By Jack Kim
SEOUL (Reuters) - North Korea said on Wednesday it had conducted a ballistic missile test that simulated preemptive strikes against South Korean ports and airfields used by the U.S. military, a likely reference to the launches of three missiles on Tuesday.
The North's leader, Kim Jong Un, supervised the exercise that successfully tested the simulated detonation of nuclear warheads mounted on missiles, its official KCNA news agency reported.
It did not give the date of the exercise, as it customarily reports activities of its leader without dates or locations. Rodong Sinmun, the ruling Workers' Party's official newspaper, carried photographs of Kim with military aides, apparently observing a ballistic missile exercise.

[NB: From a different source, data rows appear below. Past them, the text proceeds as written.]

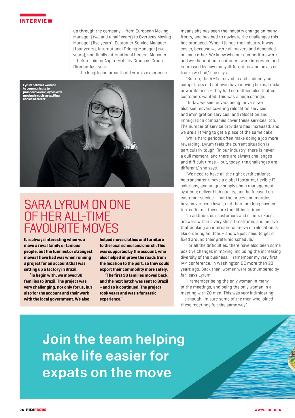 I N T E RV I E W up through the company from European Moving Manager (two and a half years) to Overseas Moving Manager (five years), Customer Service Manager (four years), International Pricing Manager (two years), and finally International General Manager before joining Aspire Mobility Group as Group Director last year. The length and breadth of Lyrums experience Lyrum believes we need to communicate to prospective employees why moving is such an exciting choice of career SARA LYRUM ON ONE OF HER ALL-TIME FAVOURITE MOVES It is always interesting when you move a royal family or famous people, but the funniest or strangest moves I have had was when running a project for an account that was setting up a factory in Brazil. To begin with, we moved 30 families to Brazil. The project was very challenging, not only for us, but also for the account and their work with the local government. We also 26 FF296 AprMay20 pp24-27 Sara Interview.indd 26 helped move clothes and furniture to the local school and church. This was supported by the account, who also helped improve the roads from the location to the port, so they could export their commodity more safely. The first 30 families moved back, and the next batch was sent to Brazil and so it continued. The project took years and was a fantastic experience. means she has seen the industry change on many fronts, and has had to navigate the challenges this has produced. When I joined the industry, it was easier, because we were all movers and depended on each other. We knew who our competitors were, and we thought our customers were interested and impressed by how many different moving boxes or trucks we had, she says. But no; the RMCs moved in and suddenly our competitors did not even have moving boxes, trucks or warehouses they had something else that our customers wanted. This was a huge change. Today, we see movers being movers; we also see movers covering relocation services and immigration services; and relocation and immigration companies cover these services, too. The number of service providers has increased, and we are all trying to get a piece of the same cake. While hard periods often make doing a job more rewarding, Lyrum feels the current situation is particularly tough. In our industry, there is never a dull moment, and there are always challenges and difficult times but, today, the challenges are different, she says. We need to have all the right certifications; be transparent; have a global footprint, flexible IT solutions, and unique supply chain management systems; deliver high quality; and be focused on customer service but the prices and margins have never been lower, and there are long payment terms. To me, these are the difficult times. In addition, our customers and clients expect answers within a very short timeframe, and believe that booking an international move or relocation is like ordering an Uber and we just need to get it fixed around their preferred schedule. For all the difficulties, there have also been some positive changes in moving, including the increasing diversity of the business. I remember my very first IAM conference, in Washington DC more than 20 years ago. Back then, women were outnumbered by far, says Lyrum. I remember being the only woman in many of the meetings, and being the only woman in a meeting with 20 men. This was very intimidating although Im sure some of the men who joined these meetings felt the same way. WWW. F I D I . OR G 31/03/2020 08:43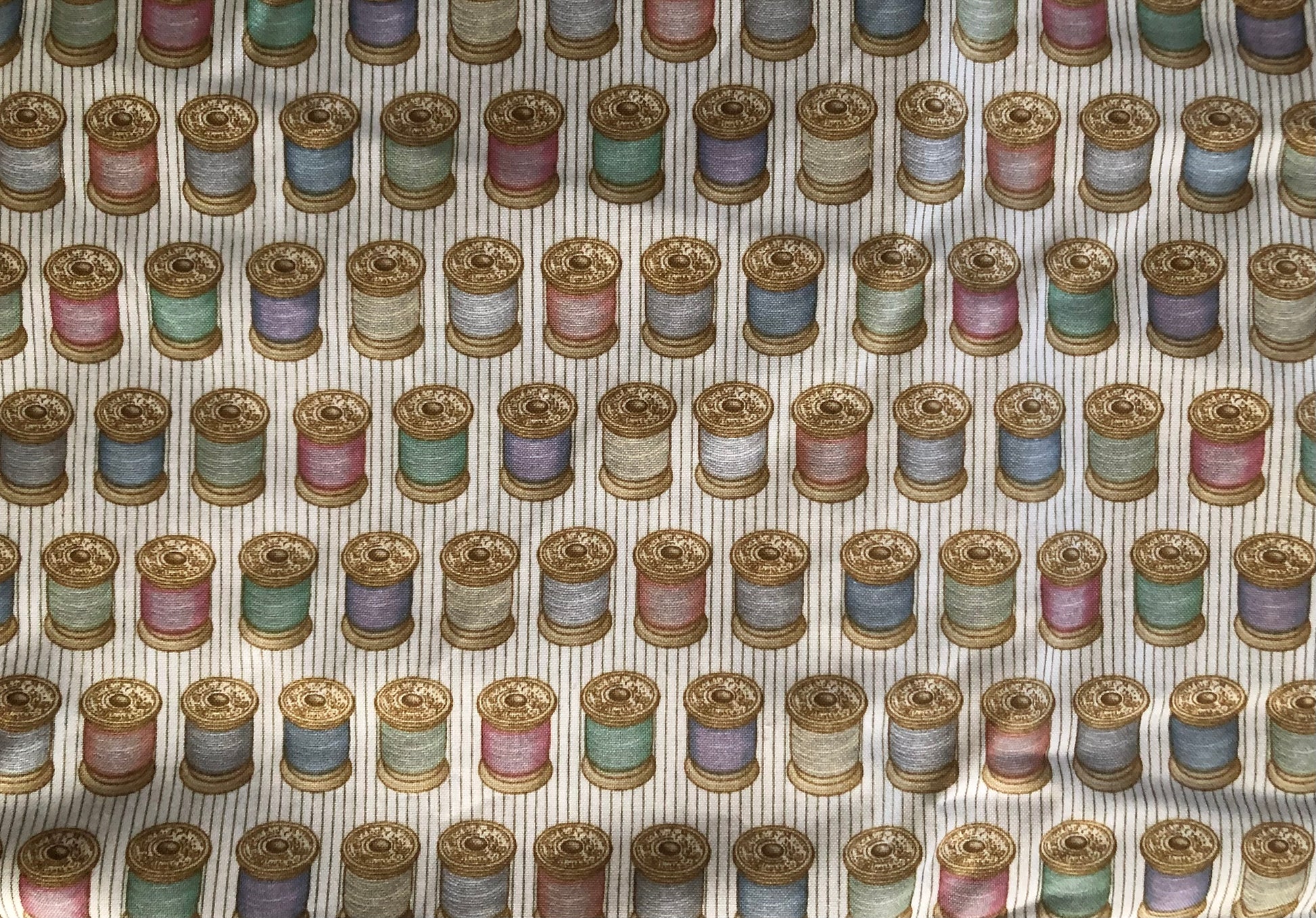 Quilting Treasures by Dan Morris Design "Cute As A Button" Sewing Spools of Thread, Designer Cotton Fabric, Quilting Fabric, Sold by YARD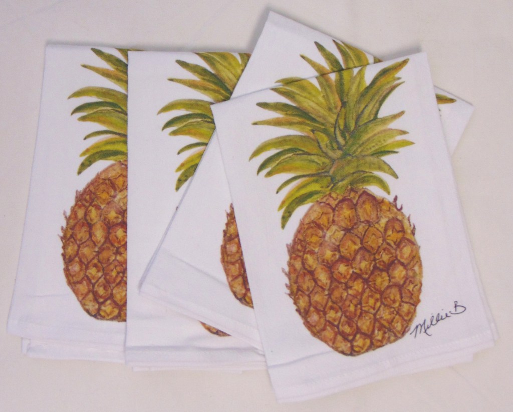 Limited edition Watercolor Pineapple print on white flour sack napkins. Our high quality crinkled cotton is one of the most desirable fibers used for dinner napkins. 100% cotton dinner napkins are absorbent and more so when washed. We’ve designed a semi-custom line full of a variety of design genres, such as, urban, coastal and pet themed kitchen towels. Consequently, you will have the luxury of selecting the paint color that is most suitable for your decor. Our printed cotton napkins have been featured in Coastal Living magazine, Anthropologie, Birch Lane stores and many other popular retailers.

North Korea fired three ballistic missiles that flew between 500 km and 600 km (300-360 miles) into the sea off its east coast, South Korea's military said, in defiance of UN Security Council resolutions and the latest in a series of provocative moves by the isolated country after a series of nuclear weapons tests.
"The drill was conducted by limiting the firing range under the simulated conditions of making preemptive strikes at ports and airfields in the operational theatre in South Korea where the U.S. imperialists' nuclear war hardware is to be hurled," KCNA said.
"And it once again examined the operational features of the detonating devices of nuclear warheads mounted on the ballistic rockets at the designated altitude over the target area."
Yang Uk, a senior researcher at the Korea Defence and Security Forum and a policy adviser to the South Korean navy, said there was little firm evidence to suggest the North had succeeded in developing a nuclear warhead for missiles.
"But it's a reminder that they are continuing to pursue nuclear warhead development, and that itself is an escalation of risks for us," he added.
Tuesday's missile launches were seen as a show of force a week after South Korea and the United States chose a site in the South to deploy the Terminal High Altitude Area Defence (THAAD) anti-missile system to counter threats from the North.
North Korea had threatened a "physical response" to the move.
"The idea seems to be to signal that (U.S.) war plans cannot succeed because if we activated them, the North Koreans would strike as we made the attempt," said Joshua Pollack, editor of the U.S.-based Nonproliferation Review.
Late on Tuesday, North Korean state media called U.S. Ambassador to South Korea Mark Lippert a "mentally deranged hooligan" and "a heinous war maniac" for flying in a U.S. fighter jet earlier this month.
Reclusive North Korea occasionally publishes insults of U.S. and South Korean officials.
The North and the rich, democratic South are technically still at war because their 1950-53 conflict ended in an armistice, not a peace treaty. The North regularly threatens to destroy Japan, South Korea and the South's main ally, the United States.
The U.S. air force said Lippert flew in a familiarization flight in an F-16 on July 12 to gain better understanding of the U.S. and South Korea's joint defence against North Korea.